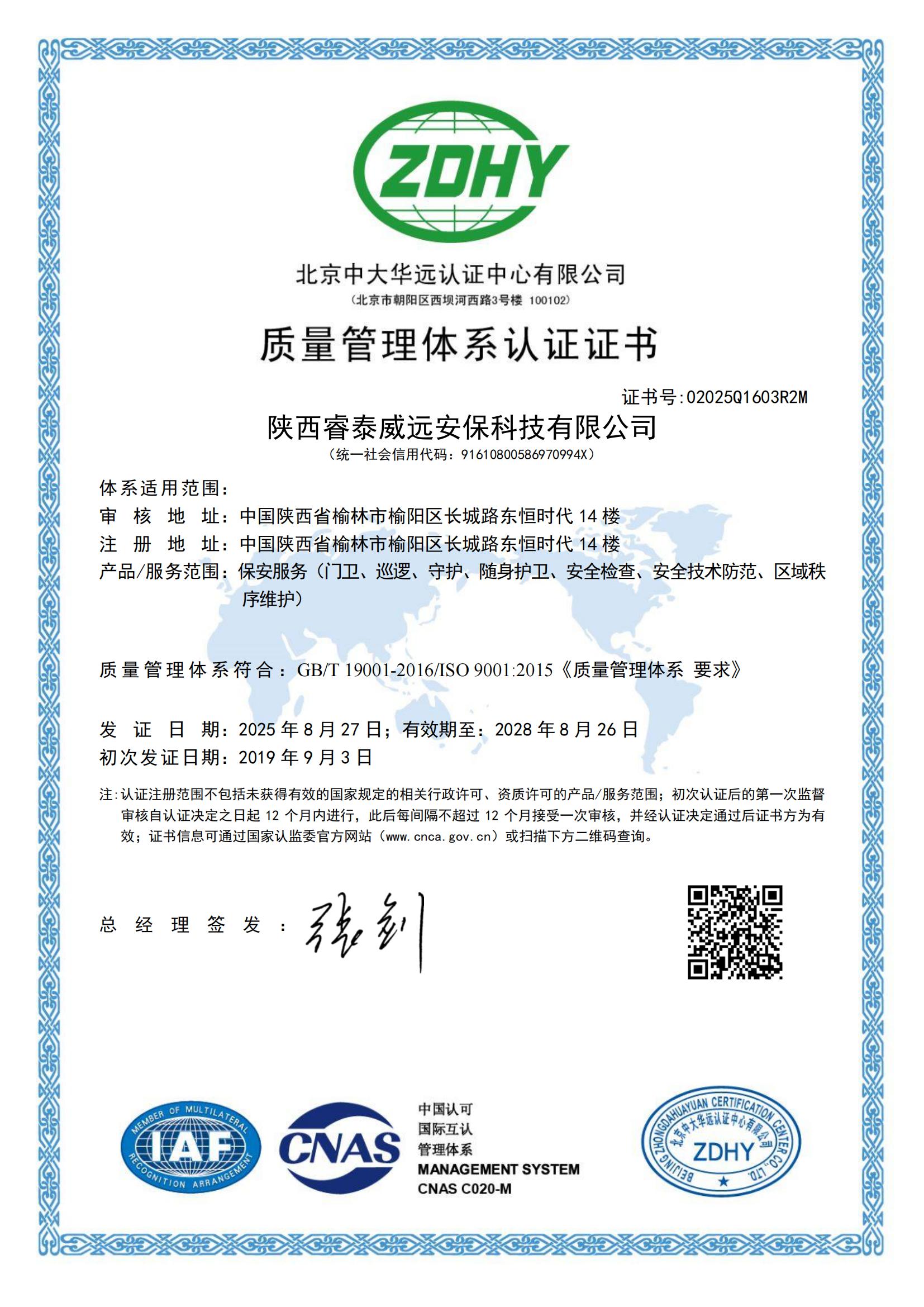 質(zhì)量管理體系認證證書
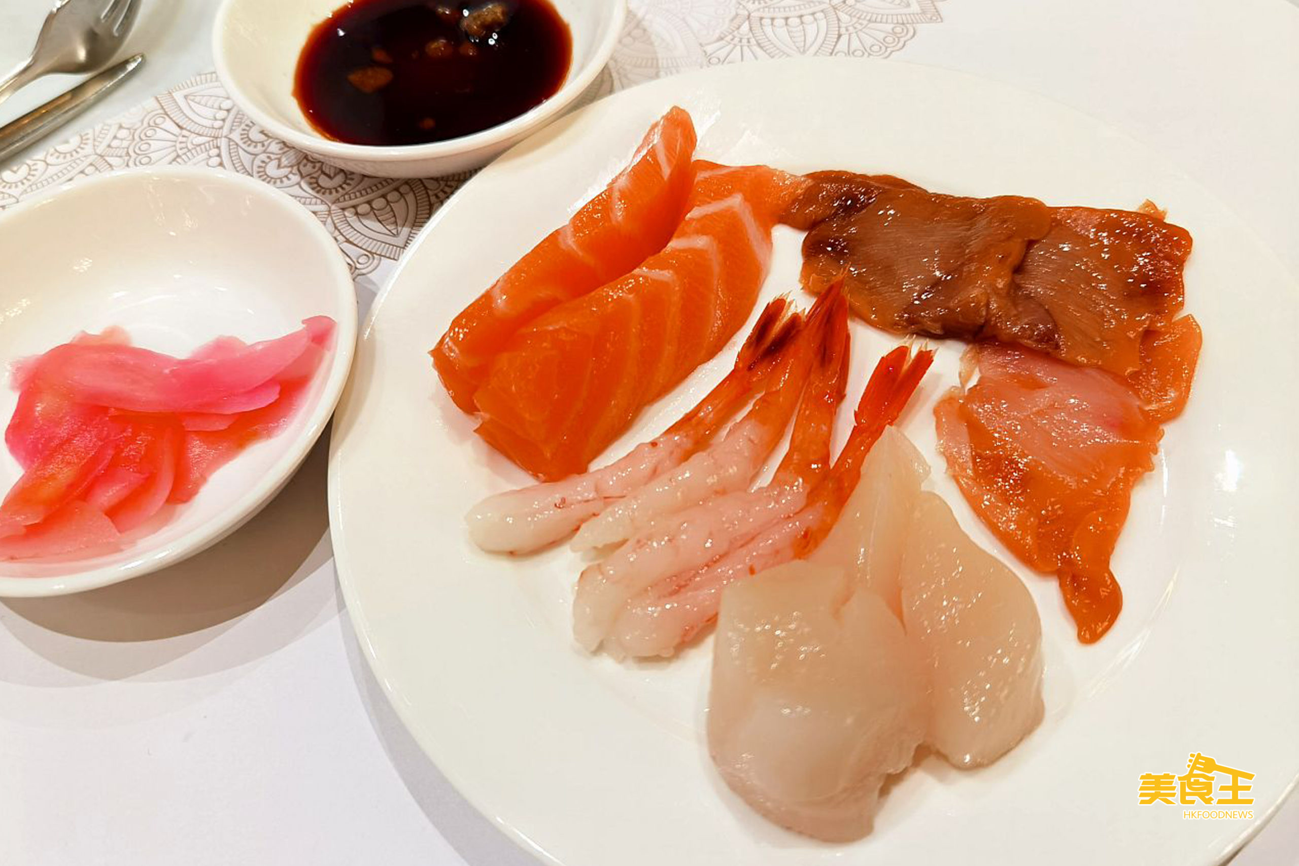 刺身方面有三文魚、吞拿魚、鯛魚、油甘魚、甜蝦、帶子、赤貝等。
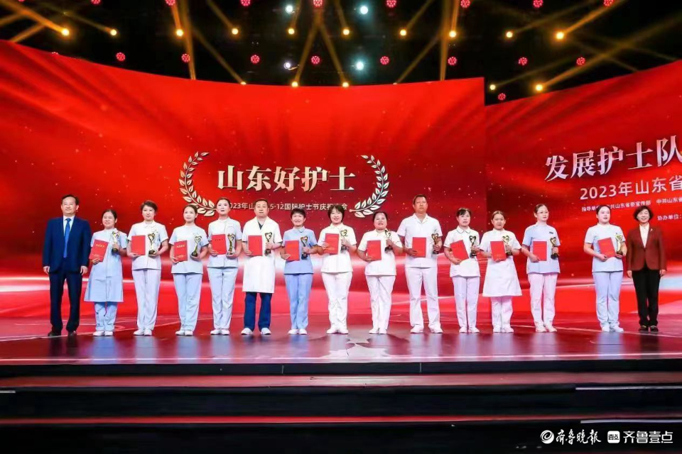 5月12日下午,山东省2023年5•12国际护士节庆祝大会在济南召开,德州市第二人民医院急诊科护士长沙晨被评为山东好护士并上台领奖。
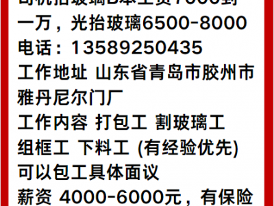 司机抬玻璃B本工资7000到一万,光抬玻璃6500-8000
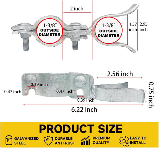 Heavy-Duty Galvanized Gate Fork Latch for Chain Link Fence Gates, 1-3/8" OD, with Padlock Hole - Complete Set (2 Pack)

Task: Copy every record exactly; no pictures.

Written solution:
 質(zhì)量管理體系認證證書
 刺身方面有三文魚、吞拿魚、鯛魚、油甘魚、甜蝦、帶子、赤貝等。
 5月12日下午,山东省2023年5•12国际护士节庆祝大会在济南召开,德州市第二人民医院急诊科护士长沙晨被评为山东好护士并上台领奖。
 司机抬玻璃B本工资7000到一万,光抬玻璃6500-8000
 Heavy-Duty Galvanized Gate Fork Latch for Chain Link Fence Gates, 1-3/8" OD, with Padlock Hole - Complete Set (2 Pack)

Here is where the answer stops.